Our continuing coverage of the issue of flight safety is spurred by our own experience in surveying online journalism. There seems to be a remarkable, and almost continuous, stream of high profile articles regarding plane crashes. (We’ll also admit that our interest is spurred in part by being the survivor of a small-plane crash.)

Finishing our series on travel, the press and perspective, we now examine press coverage of air plane accidents as measured against the true risk of these accidents.

The following information is from a speech given in Washington on August 19, 1996 by Arnold Bennett, a professor of Operations Research/Statistics at MIT’s Sloan School of Management.

The New York Times is considered America’s paper of record. Professor Bennett studied the Times for one year, from October 1, 1988 to September 30, 1989. Professor Bennett analyzed the number of stories on the front page which pertained to human fatality. During that year there was one front page story about a suicide, four stories about automobile accidents, seven stories about cancer, 35 stories about homicides, an equal number (35) were focused on AIDS and, finally, there were 51 front page stories during the year about commercial airline crashes.

Based on the evidence above, one would have to assume that someone living in America, or at least in New York, was far more likely to die from an airplane crash or AIDS than from cancer. Of course, this is ludicrous. Almost anyone, with the exception of clearly identifiable risk groups, in New York or otherwise, is much more likely to die from cancer than from an airplane crash or AIDS.

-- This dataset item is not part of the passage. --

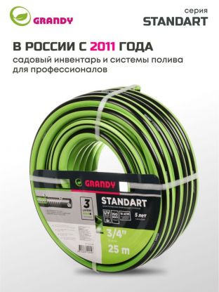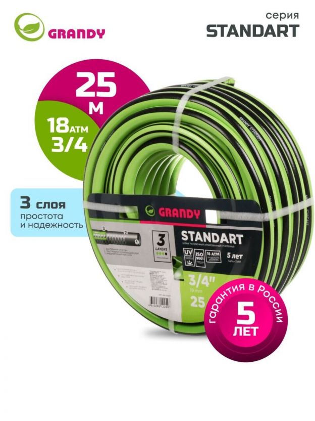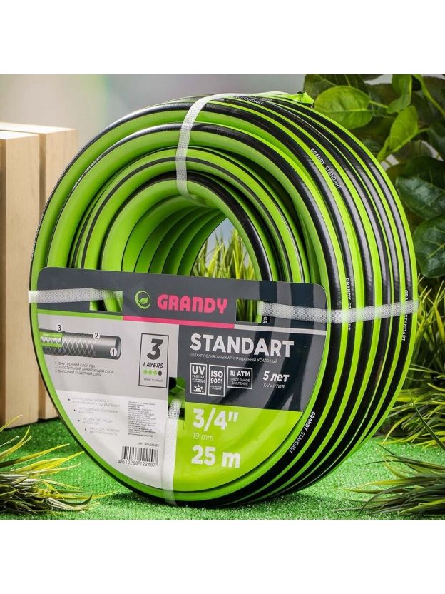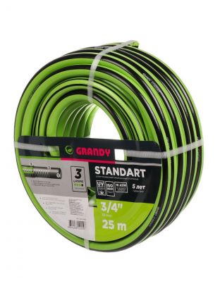 Шланг поливочный, 3/4 '', внутренний d19 мм, 18 атм, армированный, 25 м, 3 слоя, Grandy, Standart, ПВХ, AGL233425

As documented in James Walsh’s book, “True Odds,” deaths from AIDS in the United States were about 28,000 in 1990 and 30,000 in 1991. By comparison, about 500,000 people in the United States die from cancer every year. And in all of 1995 there were only four commercial plane accidents, and only one, in South America, involved a major carrier. And those four accidents were a result of 11.4 million scheduled departures. (Read our essay on putting AIDS in proper historical perspective for more information.) And in some years, there are no deaths in the United States from commercial airline accidents.

Of course, one might argue that the very rarity of certain types of disaster, such as plane crashes, makes them more noteworthy. But let’s look at Professor Bennett’s analysis of articles-per-thousand U.S. deaths to determine just how skewed the media coverage really is:

  • For every 50,000 deaths from cancer there was one New York Times front page article about cancer.
  • For every 34,000 deaths from suicide there was one front page article about suicide.
  • For every 13,000 deaths from automobile accidents there was one article.
  • For every 5,900 homicides there was one article.
  • For every 4,400 deaths from AIDS there was one article.
  • The real whopper — for every seven deaths from airline accidents, there was one article.

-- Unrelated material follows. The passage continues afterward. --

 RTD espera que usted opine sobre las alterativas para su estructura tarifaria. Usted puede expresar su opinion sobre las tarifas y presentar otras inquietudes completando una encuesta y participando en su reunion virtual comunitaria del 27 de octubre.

Thus, if you died in a plane crash the event of your death was more than 7,000 times as likely to make the front page of The New York Times than if the cause of your death was cancer. And while a fatal automobile accident is no less gory or sudden than a plane crash, the latter results in 2,000 times more prominent media coverage, per fatality, than the former.

So if you are afraid of flying, take consolation: You are in little real danger, but, in the unlikely event that something happens, at least you’ll make the front page of The New York Times. Or to paraphrase an old saying, “Unlucky in the air, lucky in the news.”